--- Stored records ---
★ ★ ★ ★

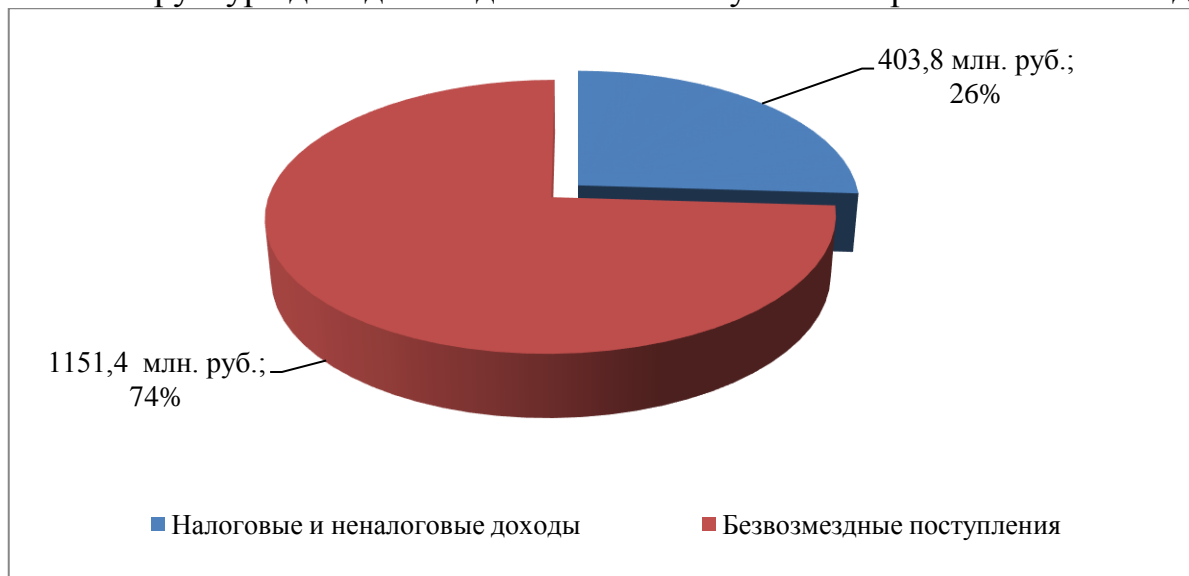
Структура доходов бюджета МО «Ахтубинский район» за 2021 год

Доля налоговых и неналоговых доходов в общих доходах бюджета МО «Ахтубинский район» составила 26,1 %, безвозмездных поступлений 73,9 %.
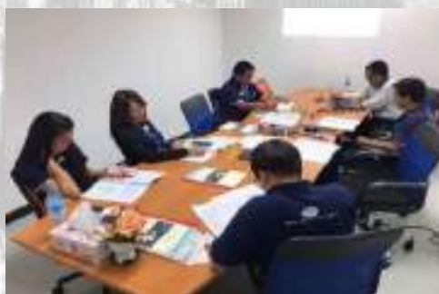
ตรวจประเมิน
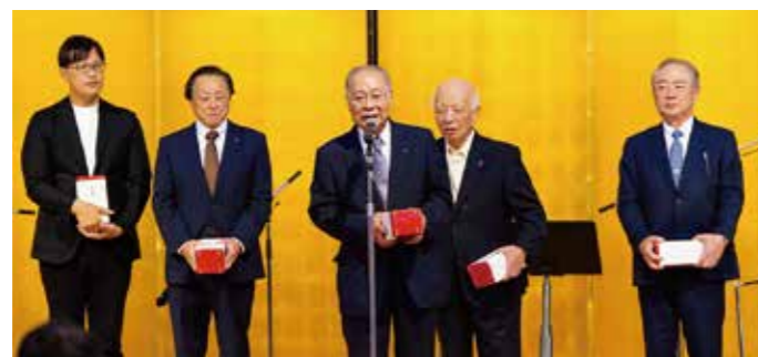
設立会員へ記念品贈呈
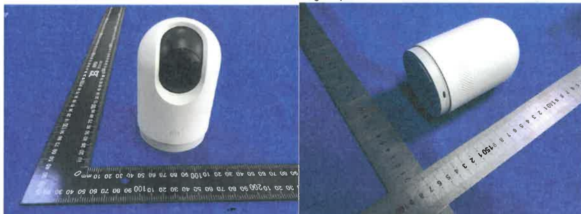
Color Image of product
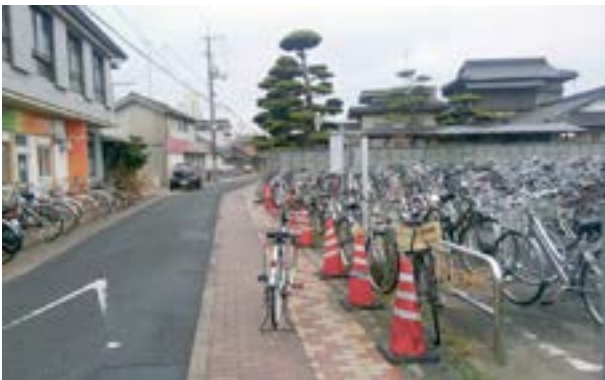
自転車でいっぱい的小野田駅前

答 各駐輪場を年2回調査し、調査札を2週間置いたのち放置自転車として撤去移動しているが今年度は131台あった。その後、遺失物として届けて引取りがなかった場合、リサイクル業者に1台10円で買い取ってもらっている。過去にはレンタルサイクルで活用したこともあるが現在は処分している。
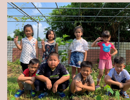
一甲 有機菜園前合影
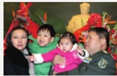
毛新宇一家四口祭拜毛主席 纪念堂接纳人数超两万
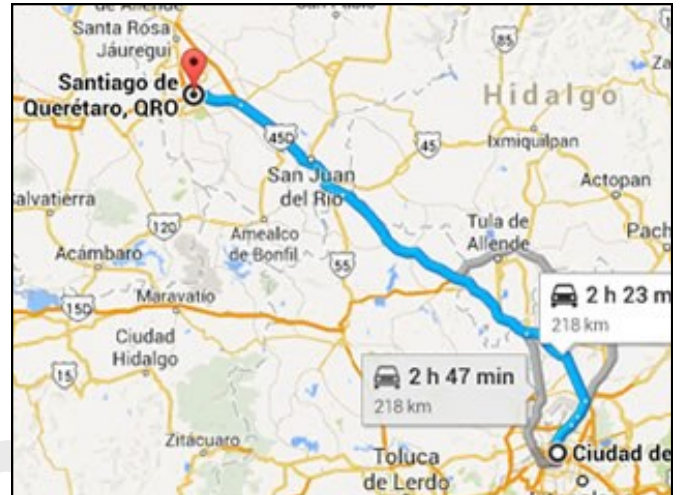
Fig. 2 Carretera México-Qro
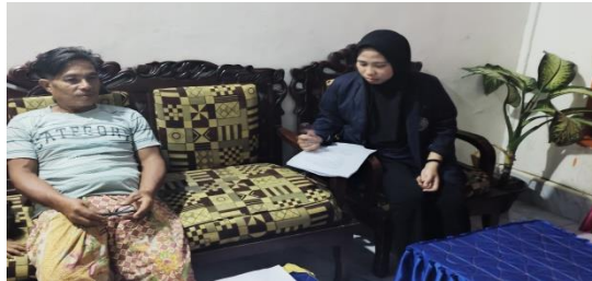
Gambar: Kepala Dusun
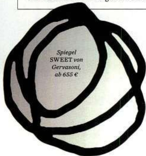
Spiegel SWEET von Gervasoni, ab 655 €

... führt das Erbe seines Vaters, des legendären Mailänder Gestalters Piero Fornasetti, fort. Seine Entwürfe sind poetisch, surreal und auf humorvolle Weise zeitlos. Interior-Schmuckstücke mit hohem Wiedererkennungswert!
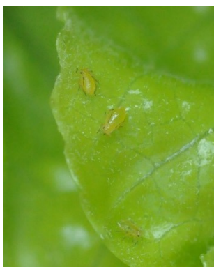
Photo 3: Individus juvéniles du puceron de la laitue ( Nasonovia ribisnigri ) sur une salade.
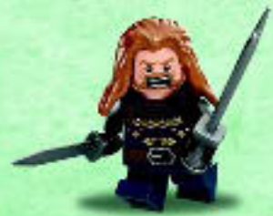
□ 79018 Fili the Dwarf Le nain Fili Fili el Enano
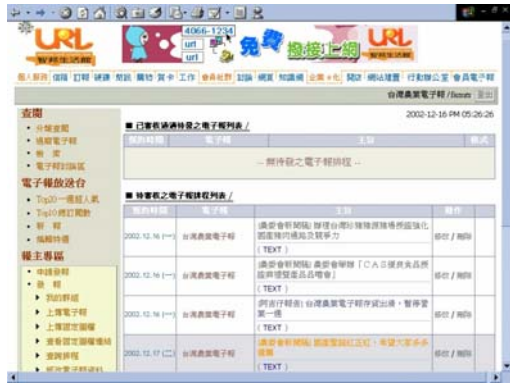
圖 3、智邦電子報部分管理畫面
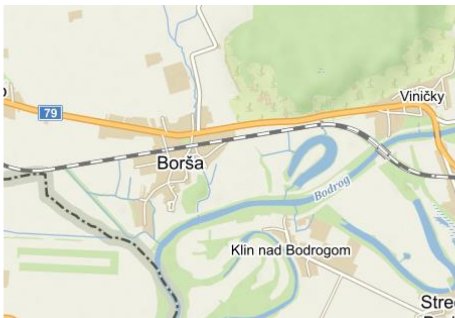
Obrázok 1 Mapa polohy obce

Obec Borša sa nachádza v Potišskej nížine na juhozápadných výbežkoch Zemplínskych vrchov na východnom Slovensku, v okrajovej polohe v rámci okresu Trebišov aj v rámci Košického kraja. Susedí s Maďarskom a tvorí „nárazníkovú zónu“ Tokajskej vinohradníckej oblasti.
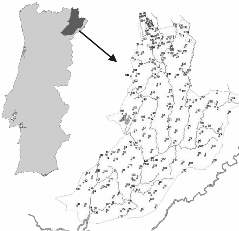
Fig.1. Localização da área de estudo, bacia do Rio Sabor. Pontos de amostragem \beta Anexo 1.

mente, no trabalho de 1972 realiza a primeira contribuição para o conhecimento da fauna de ortopteróides do Arquipélago da Madeira.
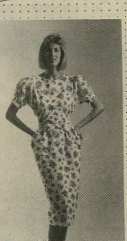
שמלת שנות ה-30 בד כותנה

רוגמניות: דורית ילינק
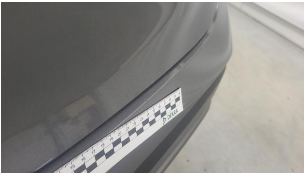
Photo 37. Zderzak tylny - Rysa/odprysk 1
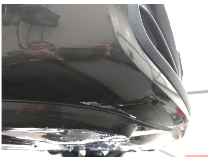
1.4 Skrubbskader underkant
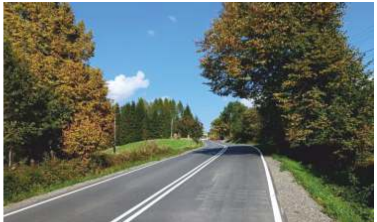
MODERNIZACJA DROGI POWIATOWEJ UJAZD - KAMIONNA 1,7 MLN - BUD ET POWIATU
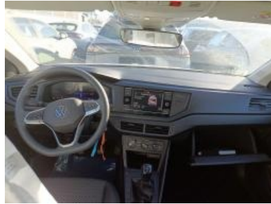
Imagen - 14
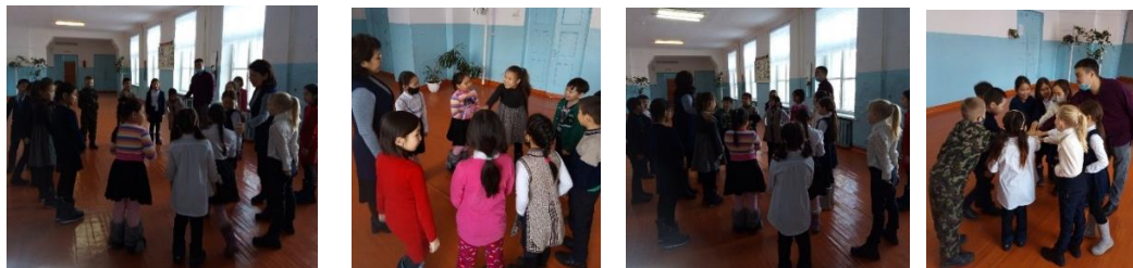
Игра-упражнение «Я люблю»

Проведено психодиагностическое исследование самооценки и выявления степени агрессивного поведения у учащихся по методике «Автопортрет», так же проведена психокоррекционная беседа по высоким, конфликтным взаимоотношениям среди мальчиков, с учащимися проведены игры «Я люблю» и тренинговое упражнение ««Меняются местами все те, кто любит...»».
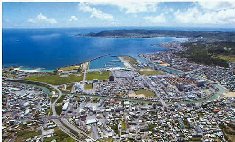
マリンタウン東浜（平成29年）

り破壊されたものであり、その復元は戦後補償の一環として国の責任で解決し、LRTまたはBRT等の新たな公共交通機関の導入で交通渋滞の解決やまちづくりを生かすようにすべきだと思いが。
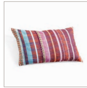
Cushion Colora Printed cotton canvas 38 x 58 cm 24,99 Euro
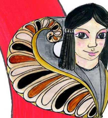
伊特鲁里亚斯芬克 斯狮身人面像
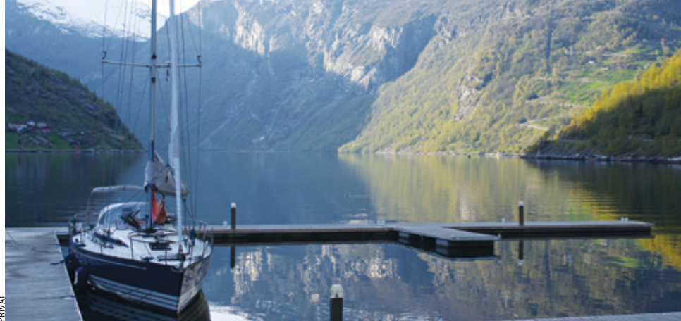
FØR SESONGSTART: TEA ligger ved gjestebryggen i Øye i Hjørundfjorden.
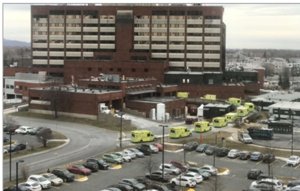
Illustration de la nécessité de transformer le système
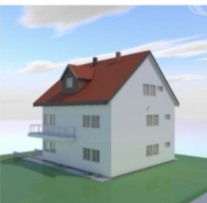
Hátsó kert felüli képek
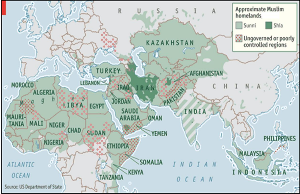
Harita 1: İslam Dünyası ve Karanlık Bölgeler

Tıpkı 11 Eylül saldırıları gibi Arap Baharı da bu safhanın strateji değişikliklerine yol açan önemli bir evresi oldu. 2011'in başında tetiklenen Arap hareketleri ile İslamcılarının son dönemi başladı. Ancak, zamanın şansı olarak görülen ılımlı İslam ile Siyasal İslamcılarının gerçek yüzlerinin çok farklı olduğu anlaşıldı. İlimli İslam, çok çabuk radikal bir şekil alabiliyordu. Radikal İslam'dan daha tehlikeli olan Batının ılımlı İslam diye kurguladığı ve laik devletleri ele geçirmeye başlayan İslamcı siyasi partiler ve hareketler oldu. Bunlar, bugüne kadar sağlanabilmiş tüm modernist ve laik gelişmeleri tersine çevirdiler. Ortadoğu politikasında liberal, laik, milliyetçi kesimler yenildi ya da marjinalize edildi. İslamcılara göre; "Çare İslamdı" ama bu İslam anlayışı modernite ve demokrasi için gelmiyordu. Ne tür bir İslam olduğunun da cevabı bugün de yok. İslami bir toplum yaratabilmek için devlet güçlerini kullanabilme olasılığı İslamcılara her zaman cazip gelmiştir. Mısır'da, Mursi'nin devleti ele geçirme gayreti tehlikeyi önlemede tereddüt etmeyen askerler tarafından önlendi. Modern olan her şey; kıyafetlerimiz, yaşam tarzımız, kültürümüz geriye gidiyor, düşünce ve davranış biçimlerimiz değişmeye zorlanıyor. Üstelik İslamcı partiler ipotek altına aldıkları seçim sistemi ile bir daha gitmemek üzere ve rejimi toptan değiştirerek, uzun vadeli
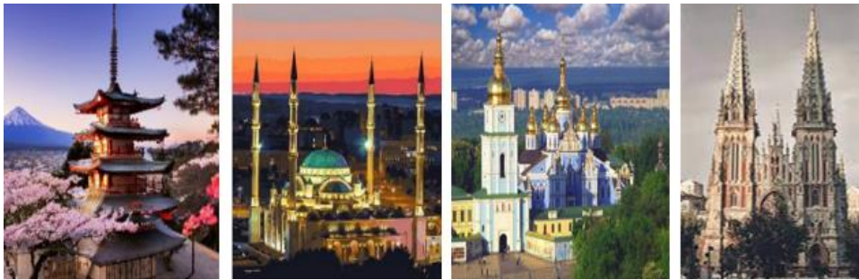
Рис. 5. Застосування інструменту ФО «Встановити відповідність»

Розвиток умінь добирати цифрові освітні ресурси забезпечують інтерактивні вправи LearningApps, зокрема «Види декоративно-прикладного мистецтва» та «Знайди пару» (рис. 6), що активізують пізнавальну діяльність учнів і підтримують їхню навчальну мотивацію [5, с. 224].
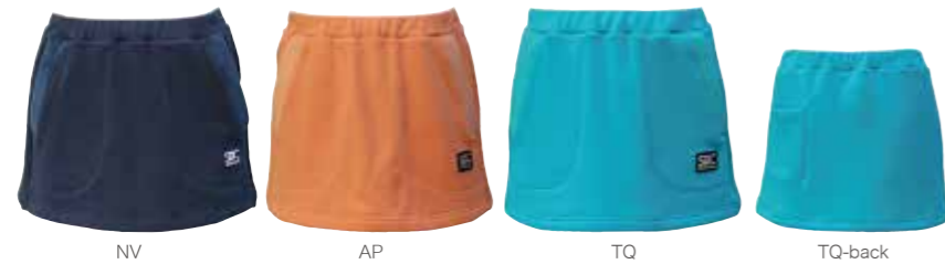
NV AP TQ TQ-back
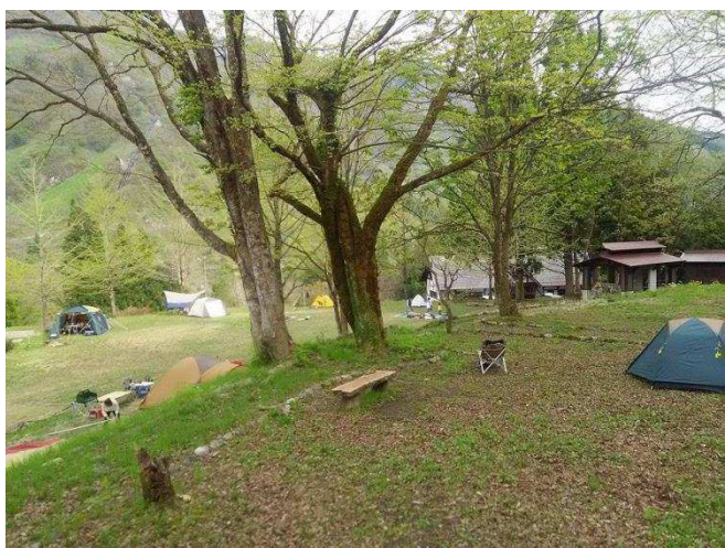
↑ 二段目サイト、三段目サイト
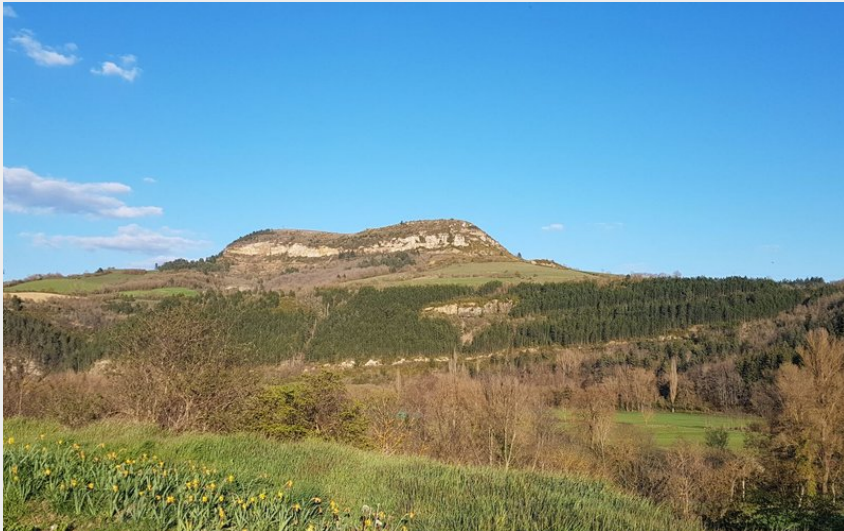
Le Truc de Saint-Bonnet depuis Chirac
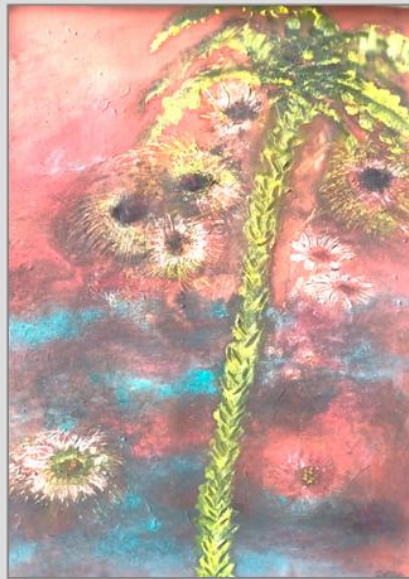
Stilleben 1 – 2024, Acryl, 53x33cm

Bilder von Dorothea Stockmar wechseln den Ort
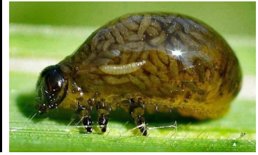
larwy osy zjadają chrząszcza od środka
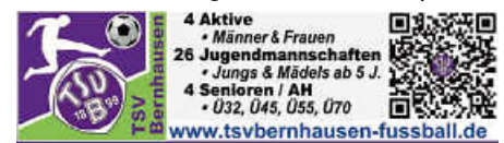
Grafik: R. Scherrle

Nach dem Derbysieg gegen Plattenhardt (2:0), steht am Samstag, 22.11. , um 14:30 Uhr gleich das nächste Filder-Derby beim FV Neuhausen auf dem Spielplan. Viel Glück lila Jungs und wieder kämpfen!
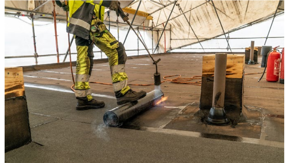
■ Kuva 15. Kattotulityö.

Huomioi, että kaikki vakuutusyhtiöt eivät tunnista vähäisen palovaaran työtä. Tämä tarkoittaa sitä, että näiden vakuutusten piirissä kaikki työt, joissa käsitellään tulta tai lämpöä, luokitellaan tulitöiksi. Asian voi tarkastaa oman vakuutusyhtiön turvallisuus- tai suojeluohjeesta.
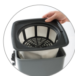
Filtro de poliéster tipo canasta (Versión FT)
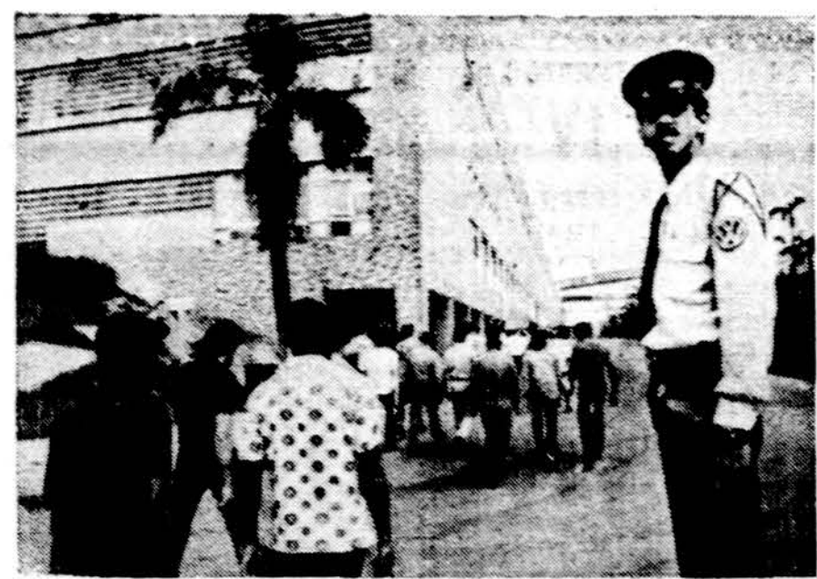
3 milijonus dolerių Vakarų Vokietija investavo Brazilijoje ir pastatė didžiąją Volkswageno automobilių fabriką. Čia matome cinančius ir darbą brazilus darbininkus

stojto. Prasidėjo masinis nedarbas. Valdžios įstaigos ir įmonės jau nebebuvo pajėgios kelti darbininkų gerovės. Infliacija pasiekė pasaulinį rekordą — 450 procentų tą trumpą laiką. Gyvenimo lygis krito. Marksistinė įtaka kas kartas labiau grėse kraštui. Ginkluotų vyrų būriai užpuldinėjo policijos būstines ir kariuomenės dalinius. Ginkluoti susirėmimai tarp saugumo dalinių ir marksistinių būrių jau buvo kasdieninis reikalas. Tūkstančiai kareivių kovojo miestuose, kalnuose ir miškuose su partizanais. Ši kova ypač ilgai tęsėsi Tucumano provincijoje. Daug kas buvo neaugus savo namuose. Kraštutiniai sekvestruodavo pasiturinčiusius, o ypač industrialus, prekybininkus ar atsakingus žymesnius pareigūnus. Reikalavo už jų išsiviničius milijoninių sumų. Daug generolų, aukštųjų karininkų buvo išžudyti. Tūkstančiai intelektualų, pramoninkų, prekybininkų ir kitų pareigūnų slapstėsi išvengti mirties. Krašte kilo panika, 25 milijonai argentiniečių gyveno nežinodami, kas kas bus rytoj, o mažiau pasiturintieji rūpinosi dėl pragyvenimo šaltinių. Iš lūpų į lūpas ėjo gandai, kad turi kas nors nepaprastai įvykti. Pagaliau paskutinę dieną jau viešai visi kalbėjo, laukdami perversmo.
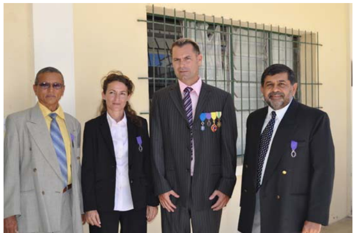
En compagnie du Principal et du Président de l'APE

Son investissement quotidien au bénéfice des élèves a suscité la reconnaissance du Poste diplomatique.
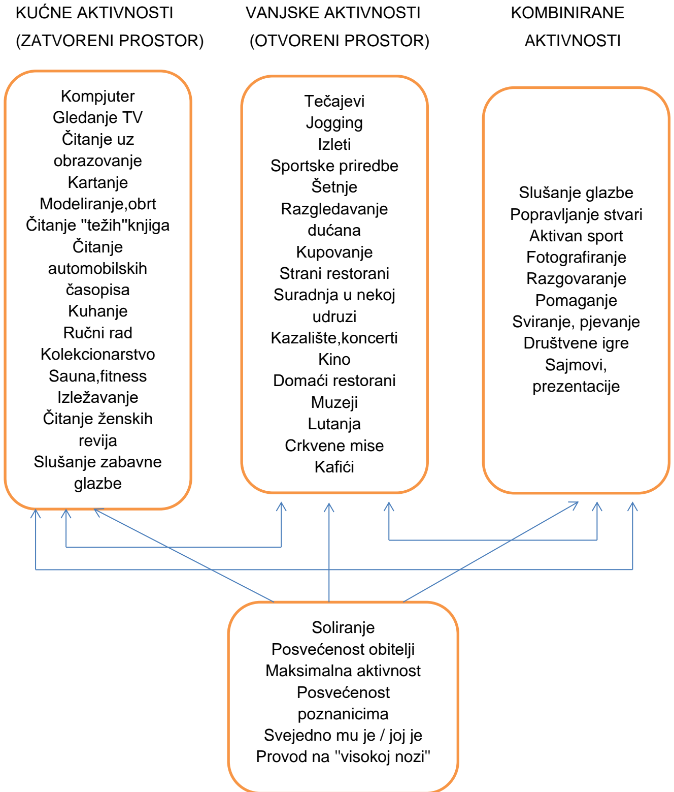
Slika 2. Aktivnosti u slobodno vrijeme (Valjan Vukić; 2013:67; prema: Rosić; 2005)

osmišljene, a motivacijski istinski utemeljene i razvojno usmjerene. Takva percepcija slobodnog vremena pretpostavlja permanentno odgojno djelovanje na pojedinca već od ranog djetinjstva.“ (Valjan Vukić; 2013:68)
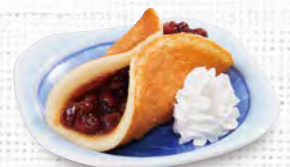
和風オムレット 250(税込275)
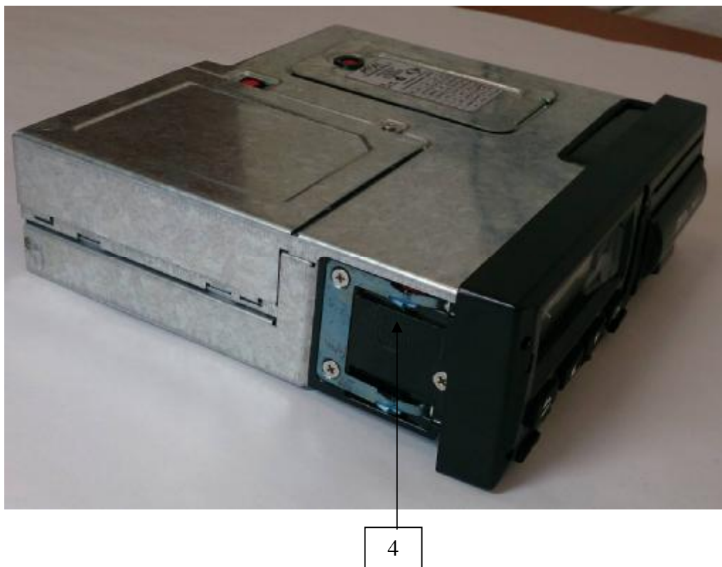
Рис. 2 Место пломбировки батарейного отсека (4) под пружиной фиксатора.

★ ★ ★ ★

Please return, without any change, the lines from the line containing "En compagnie du" through the last line of the entries, dropping the pictures.

En compagnie du Principal et du Président de l'APE

Son investissement quotidien au bénéfice des élèves a suscité la reconnaissance du Poste diplomatique.
Slika 2. Aktivnosti u slobodno vrijeme (Valjan Vukić; 2013:67; prema: Rosić; 2005)

osmišljene, a motivacijski istinski utemeljene i razvojno usmjerene. Takva percepcija slobodnog vremena pretpostavlja permanentno odgojno djelovanje na pojedinca već od ranog djetinjstva.“ (Valjan Vukić; 2013:68)
和風オムレット 250(税込275)
Рис. 2 Место пломбировки батарейного отсека (4) под пружиной фиксатора.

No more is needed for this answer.